Duisenberg in der Kritik

Zunehmend problematisch wirkt dennoch das Auftreten von Zentralbankchef Wim Duisenberg. Er erscheint wenig selbstbewusst, zeigt sich mit einem Wachstum von 3 Prozent mehr als zufrieden und lehnt Interventionen auf jeden Fall ab. Eine solche Eindeutigkeit mögen die Devisenmärkte allerdings gar nicht. Sie leben von Spekulationen und müssen sich in der ständigen Gefahr wähnen, deutliche Verluste zu machen. Somit werden Forderungen nach seinem Rücktritt lauter. Doch auch sein potenzieller Nachfolger, der Franzose Jean-Claude Trichet, ist durch ein Ermittlungsverfahren stark angeschlagen. Eine Personalentscheidung steht den Europäern somit früher oder später ins Haus, deren Ausgang sich deutlich auf den Kurs der Währung auswirken könnte.

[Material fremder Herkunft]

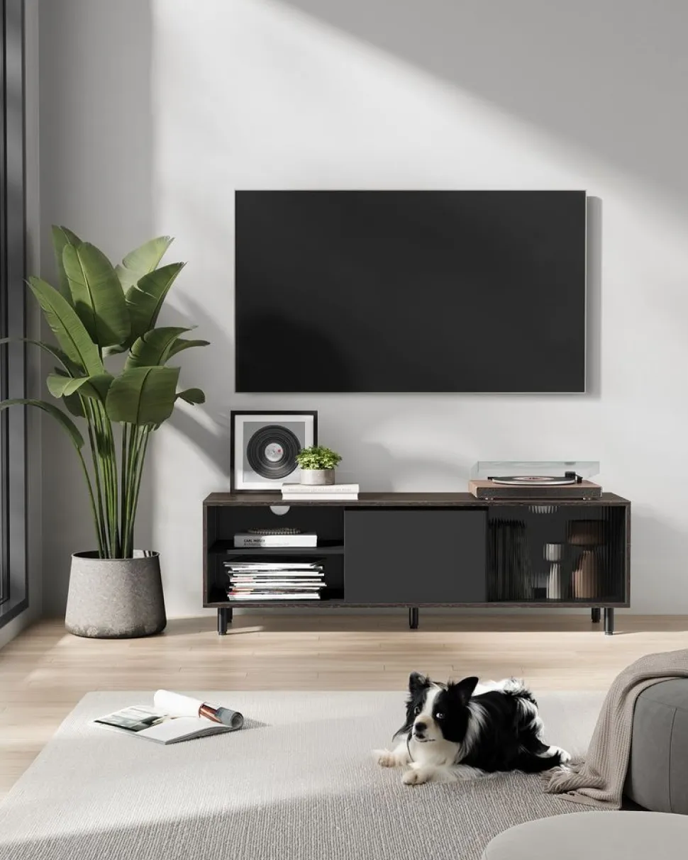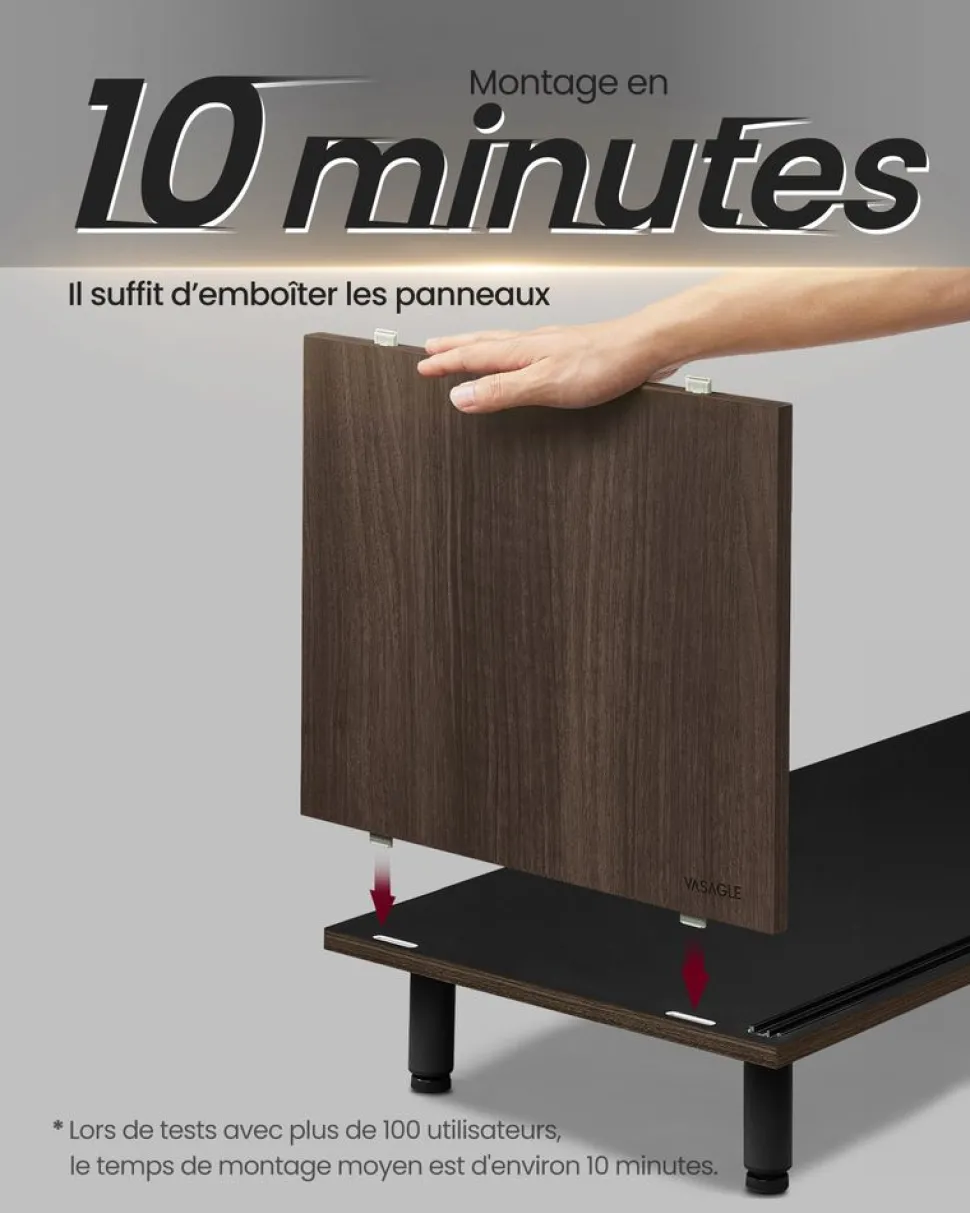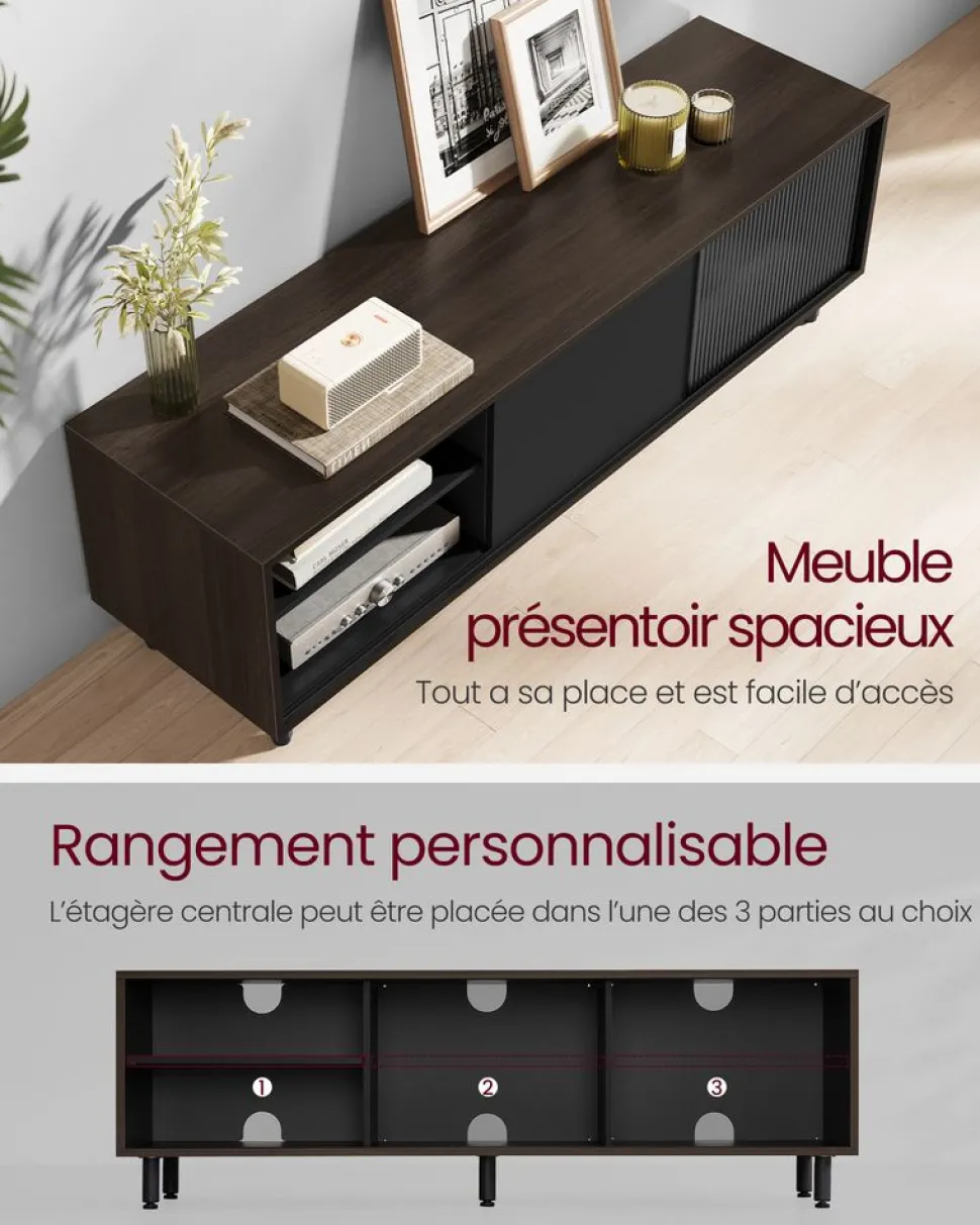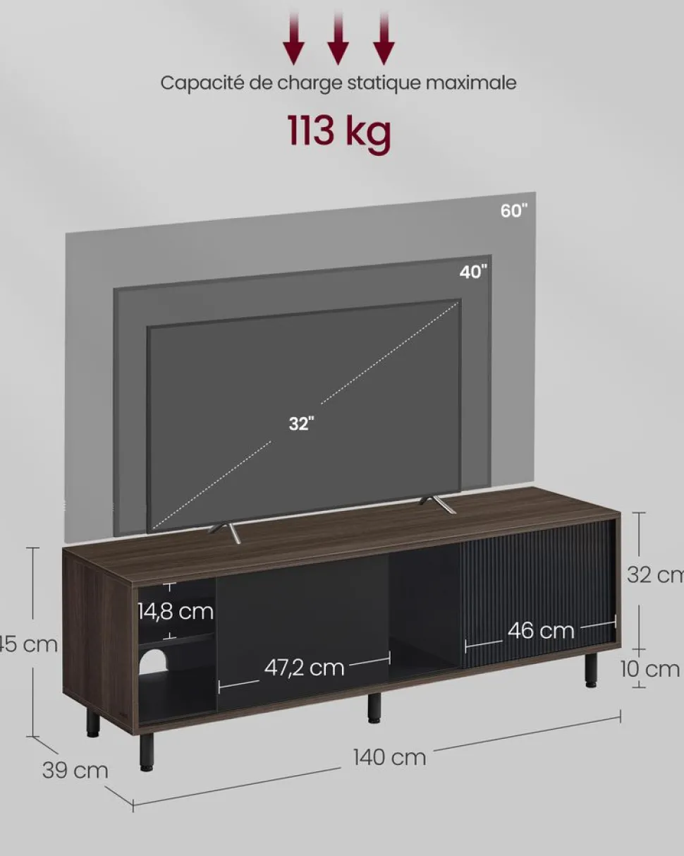 [Support robuste] Sa surface de 147 cm convient aux téléviseurs jusqu’à 65 pouces. Fait en panneaux d’aggloméré et en acier, ce meuble TV avec rangement supporte jusqu’à 91 kg au total[3 options de rangement] 2 étagères réglables derrière les portes, 2 compartiments ouverts séparés par une étagère réglable et une étagère ouverte sous le plateau. Voilà suffisamment de place pour vos jeux, films et appareils multimédias[Style industriel] Avec ses 2 portes imitation grange, ses cadres en X et sa couleur marron rustique, ce meuble télé dégage une vibe industrielle. Il est clairement la star de votre salon[Facile à assembler] Des instructions illustrées et des pièces numérotées facilitent l’assemblage de ce meuble TV[Fonctionnalités pratiques] Les portes de l’armoire sont bien maintenues en place. Les 2 trous pour les câbles aident à garder les fils sous contrôle. Les pieds réglables assurent une bonne stabilité, même sur un sol légèrement irrégulier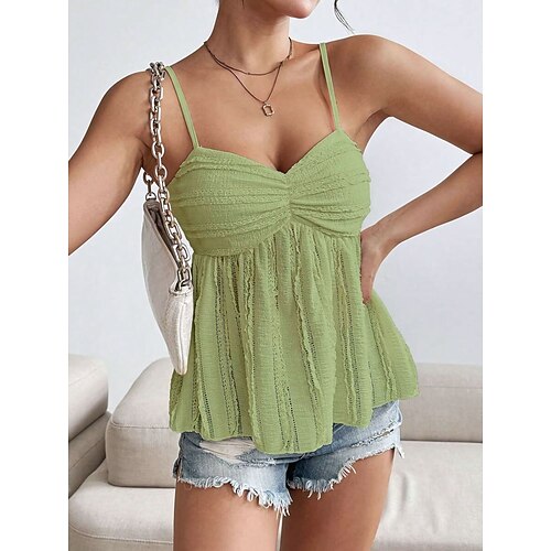 Per donna Canotta a canotta Tinta unica Quotidiano Elegante Casual Senza Maniche Spallina Top Regolari Quotidiano Uscire Abbigliamento da vacanza Arricciato Bianco Rosa Fucsia Verde Estate Primavera

"Der Euro ist unsere Währung"

Immerhin kommen auch von außerhalb unzufriedene Äußerungen. So fordert der neue Rover-Chef John Towers die britische Regierung auf, gegen den hohen Kurs des Pfunds vorzugehen. Dieses sei für die Probleme der britischen Exportwirtschaft verantwortlich. Mitte Mai hatte aus demselben Grund Ford Europa beschlossen, Teile seiner Produktion von England nach Deutschland zu verlagern. Für die Hüter des Euro eigentlich ein Grund zur Gelassenheit. Früher hatten stets die Amerikaner den Außenwert ihrer Währung einer wohlwollenden Nichtbetrachtung unterzogen. Die heutige Gelassenheit der Zentralbanker geht von einem ähnlichen Standpunkt aus; einen Spruch des früheren US-Finanzministers Conally abwandelnd, kann man zumindest den Engländern gegenüber sagen: "Der Euro ist unsere Währung und Euer Problem."


© Jörg Steinhaus 2000
erschienen in Kronos. Nr. 6. Juni 2000. Wirtschaft. Seite 4.